Bacchi, who was among 31 arrested late last week, had built a network of over 700 illegal betting shops throughout Italy, allegedly under the protection of the Cosa Nostra.
These ‘shops’ were listed officially registered as ‘data transmission centers,’ and filled with betting terminals that linked to online gambling sites including B2875.com, Bsport24.com and B28sport.com, all of which were owned by Bacchi’s Malta-licensed Phoenix International Ltd.
Bacchi’s establishments are likely to have used an agency model in which player bets are loaded online by agents and payouts settled within the venue, bypassing the need for player registration and offering customers anonymity.

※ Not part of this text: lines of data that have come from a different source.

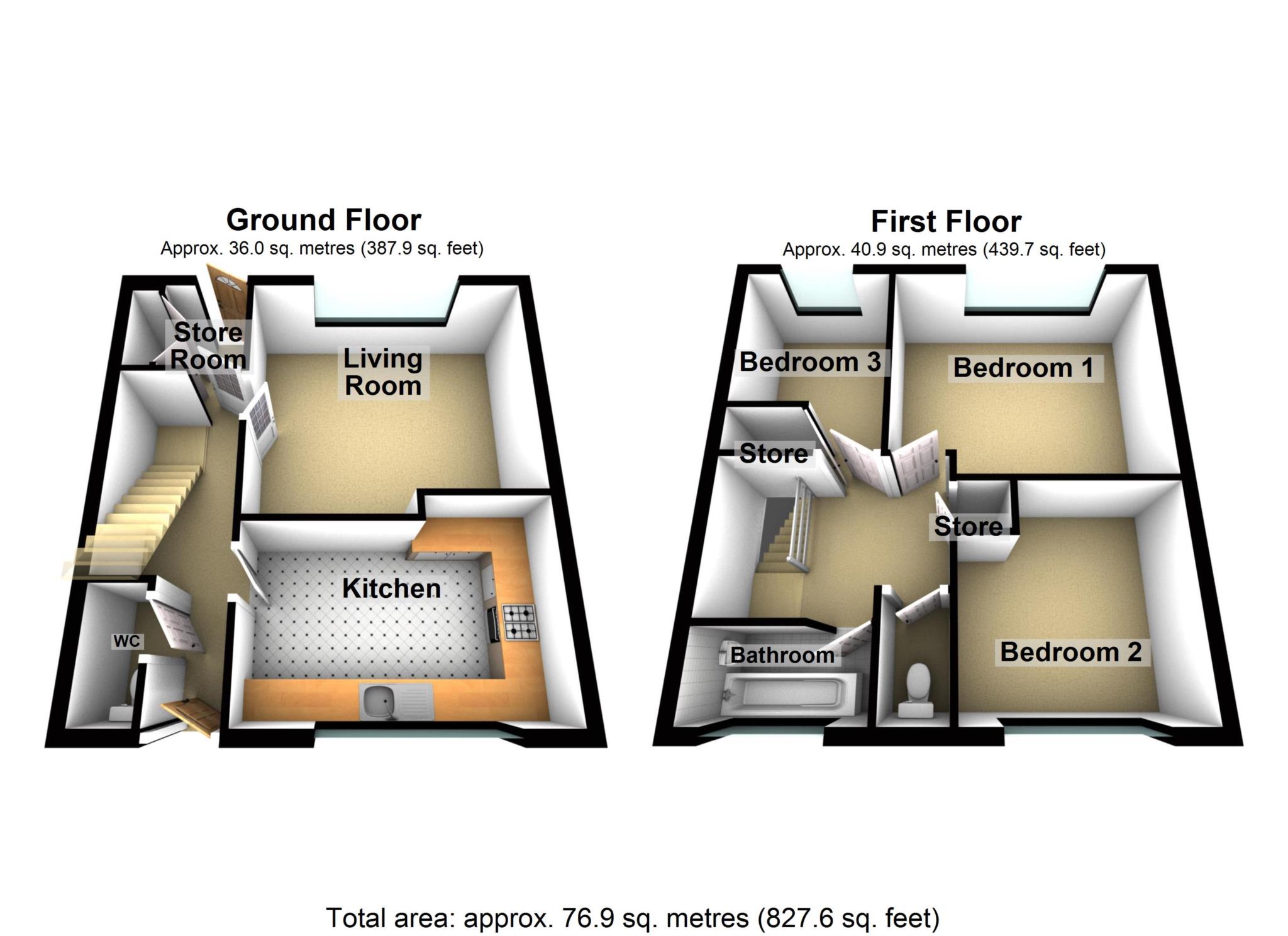 Accommodation comprises Living Room, a spacious Kitchen that offers plenty of space for a table and chairs, a ground floor W/C and a handy Storage Room.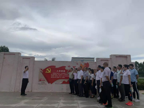 在史馆广场左前侧入党宣誓台上,参加活动的全体党员佩戴党员徽章、整齐列队,面对鲜红的党旗、高举右拳,在李新华书记的领誓下重温入党誓词,表达了永远听党话,坚定跟党走的信心和决心。
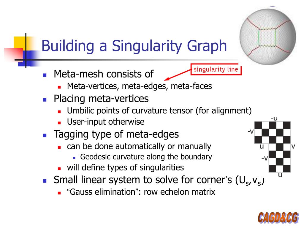Building a Singularity Graph • Meta-mesh consists of • Meta-vertices, meta-edges, meta-faces • Placing meta-vertices • Umbilic points of curvature tensor (for alignment) • User-input otherwise • Tagging type of meta-edges • can be done automatically or manually • Geodesic curvature along the boundary • will define types of singularities • Small linear system to solve for corner’s (Us,Vs) • “Gauss elimination”: row echelon matrix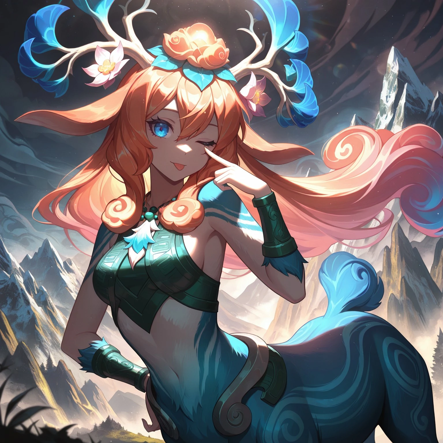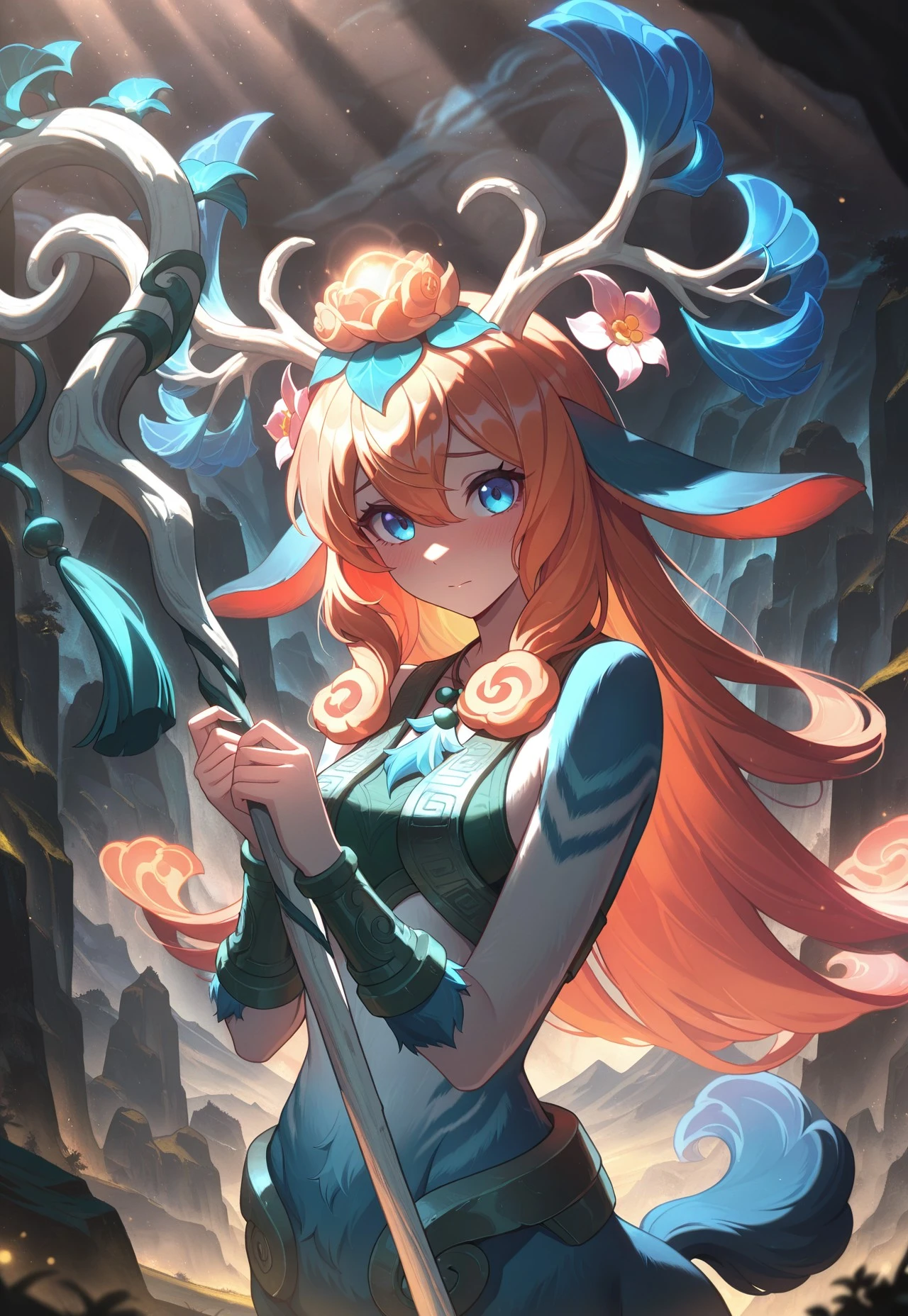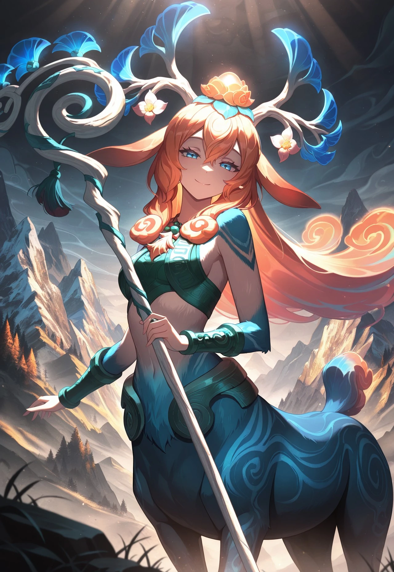 SHSlillia, centaur girl, antlers, orange hair, gradient hair, hair ornaments, hair flower, blue eyes, ceremonial clothing, tight green crop top, bare shoulders, necklace, blue fur lower body, holding staff,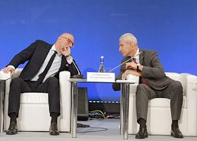 Итоговое заседание коллегии Министерства спорта России в Гостином дворе. Президент Федерации тенниса России Шамиль Тарпищев (справа) и министр спорта России Олег Матыцин (слева) перед началом заседания.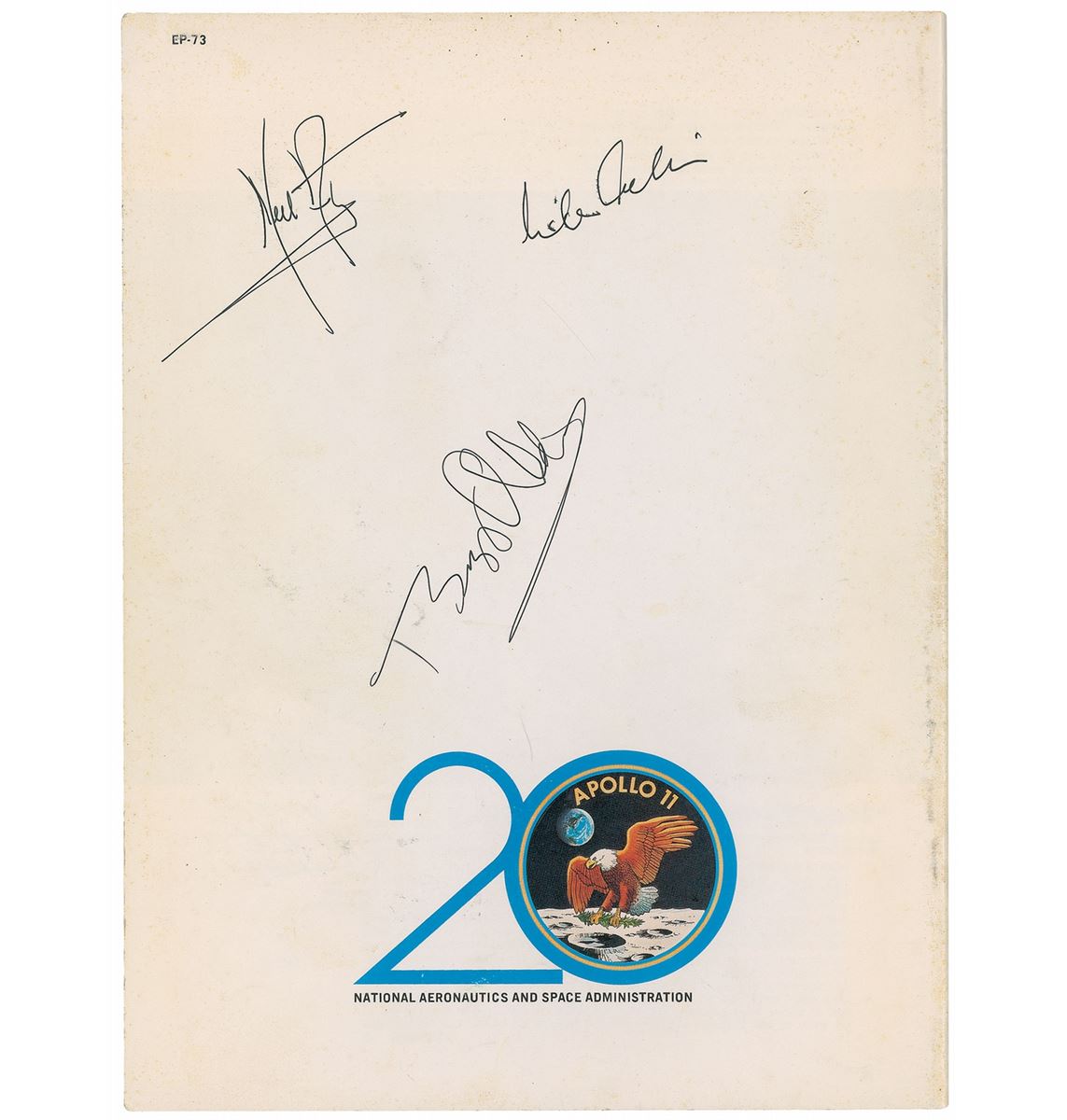 Commemorative program entitled “The First Lunar Landing: As Told by The Astronauts,” celebrating the 20th anniversary of the event, 9 x 12, 24 pages, signed on the back cover in black ink by Neil Armstrong, Buzz Aldrin, and Michael Collins. Scattered rubbing to front cover, some light toning and soiling to back cover, and slight feathering to Collins’s signature, otherwise fine condition. NASA’s Office of Public Affairs capitalized on the achievements of the successful Apollo 11 mission by releasing a commemorative program that transcribed a post-flight press conference held by Armstrong, Aldrin, and Collins.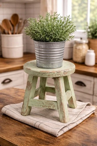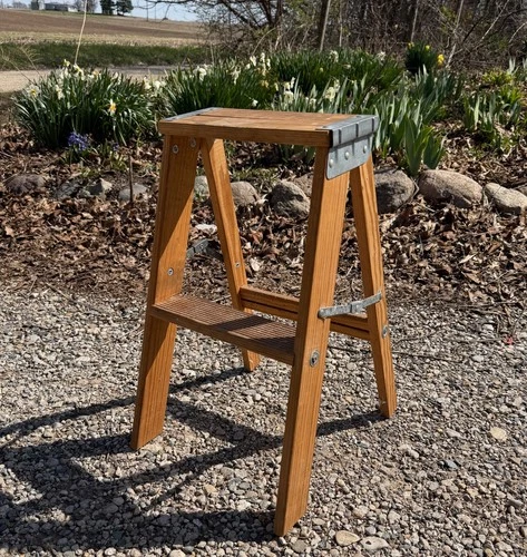 Vintage Style Rustic Wood Step Stool Distressed Farmhouse Plant Stand Primitive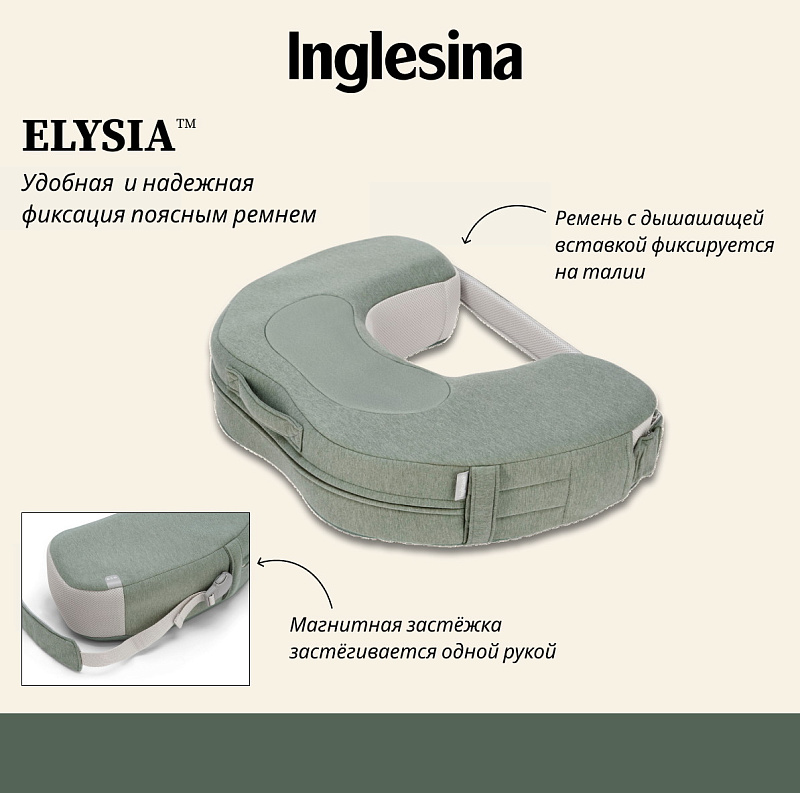• Подушка Elysia от Inglesina получила сертификат эргономичности IGR, который подтверждает, что изделие обладает отличными эргономичными характеристиками в соответствии со стандартами DIN EN ISO 26800 и EN ISO 15537.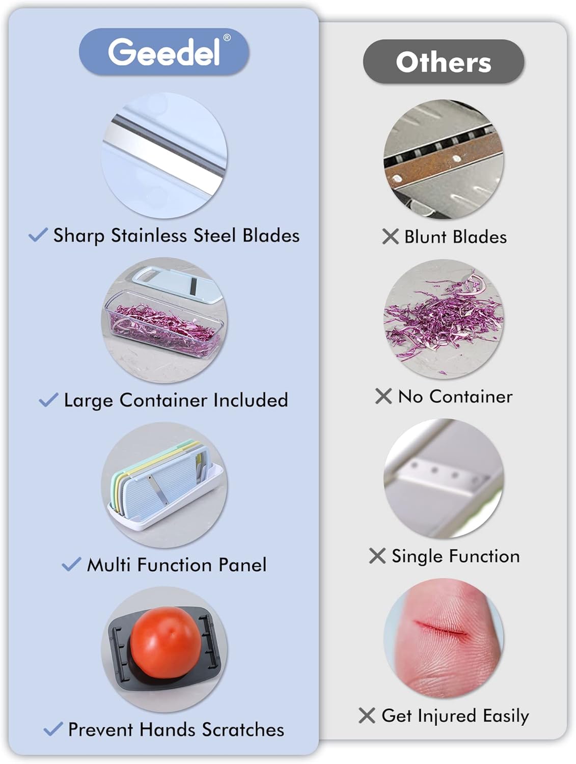 Geedel Professional Mandoline Slicer for Kitchen, Multi Purpose Vegetable Slicer Cutter, Vegetable Cutter Onion Cutter for Veggie Fruit Cheese
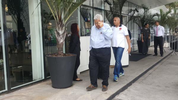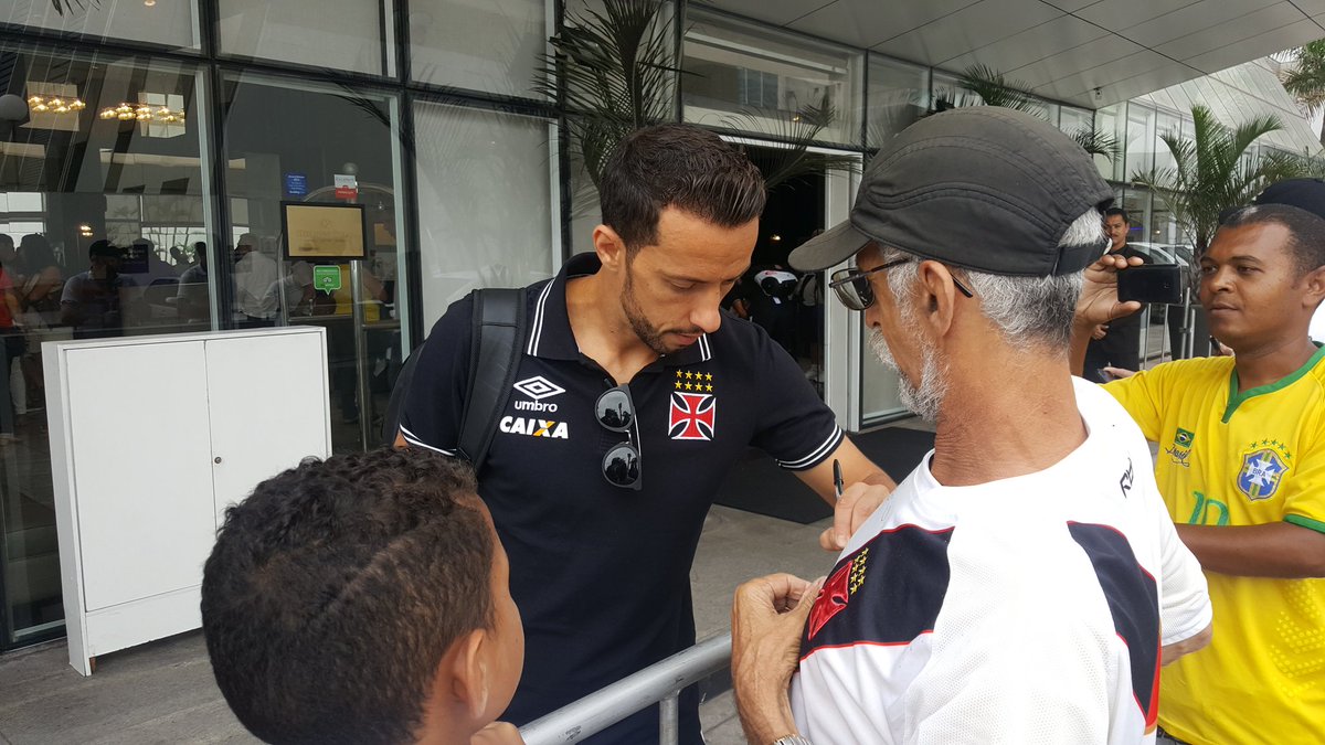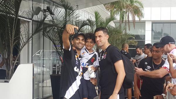 Vasco vai deixando hotel com destino ao Kléber Andrade.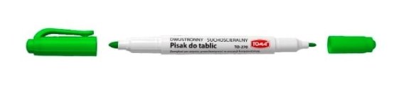 • Pisaki 2-stronne do białych tablic TOMA, 2 końcówki cienkie 0,5 i 0,8mm, zielony TO-270 Toma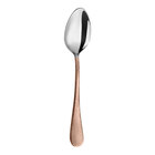 Add a stylish flair to your table settings with this Amefa Sierra 9 1/4" 18/10 stainless steel extra heavy weight table knife with copper handle! Featuring a finely hammered PVD copper handle, this knife offers an eye-catching presentation that is sure to impress your guests. Additionally, the rounded edges and high-gloss mirror finish add a refined elegance to any tabletop setting. Use this knife when serving cuts of tender meats and vegetables for a sophisticated and reliable service.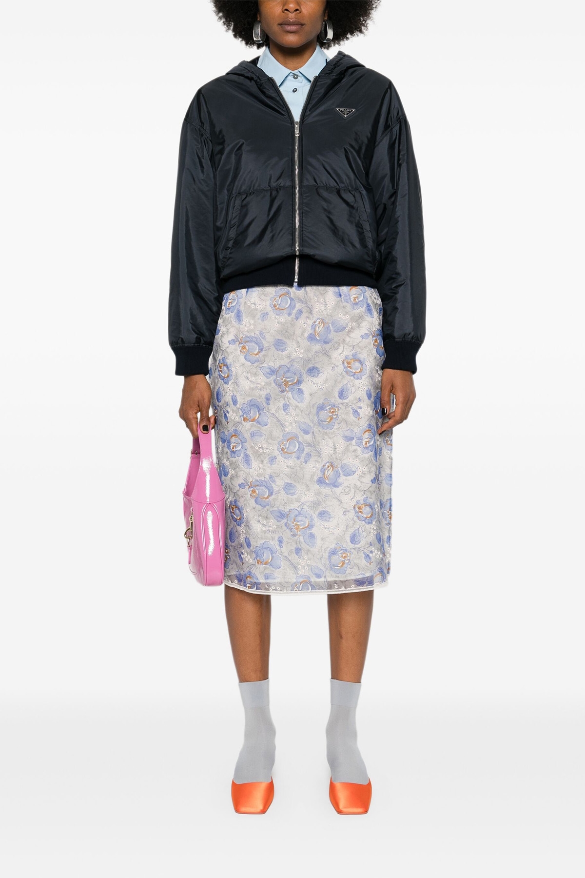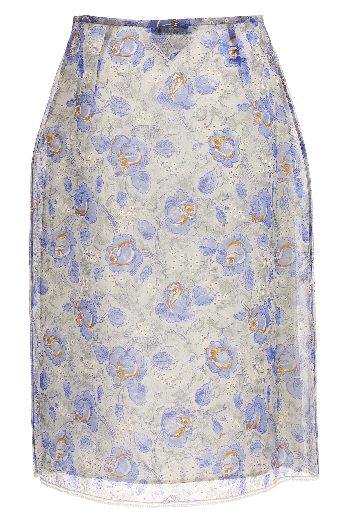 Nylonette midi skirt with 'Peonia' print, sheer fabric with removable underskirt and side button closure.

The Benedetto Bacchi Money Trail
According to police, the Palermo-based operation generated around €1 million in profits per month, with “between €300,000 and €800,000” of that sum distributed among various Mafia families, according to prosecutors.
Much of the investigation, dubbed “Operation Game Over,” involved following the trail of huge sums of cash allegedly being moved from Bacchi’s betting joints to his Cosa Nostra protectors.
On Friday, the MGA announced it had suspended Phoenix International’s remote gaming license.
Malta has faced increasing criticism in recent years over its apparent failure to spot the bad apples among its licensees, either through a failure of due diligence or something more sinister.
As one of the world’s major online gaming hubs, a large sector of its economy depends on its ability to effectively regulate and police its licensees.
But in early 2015, police broke up a similar operation when over a thousand establishments were raided and cash and assets worth €2 billion seized. Around 1,500 ‘betting shops’ were targeted, as well as dozens of online gambling sites.
Six of these companies were based in Malta and the MGA was forced to revoke the licenses of nine online gambling sites, including BetUniq, whose CEO Mario Gennaro was described as a “point man” for the ’Ndrangheta in Malta.
All the Malta-based companies were all accused of laundering large amounts of money for the notorious Calabrian organized crime syndicate.
Gennaro turned informant. Extraordinarily, his reward for cooperating with Italian authorities was the chance to relaunch BetUniq, this time with an Italian license. Two years after it was shut down, the site restarted operations in early 2017.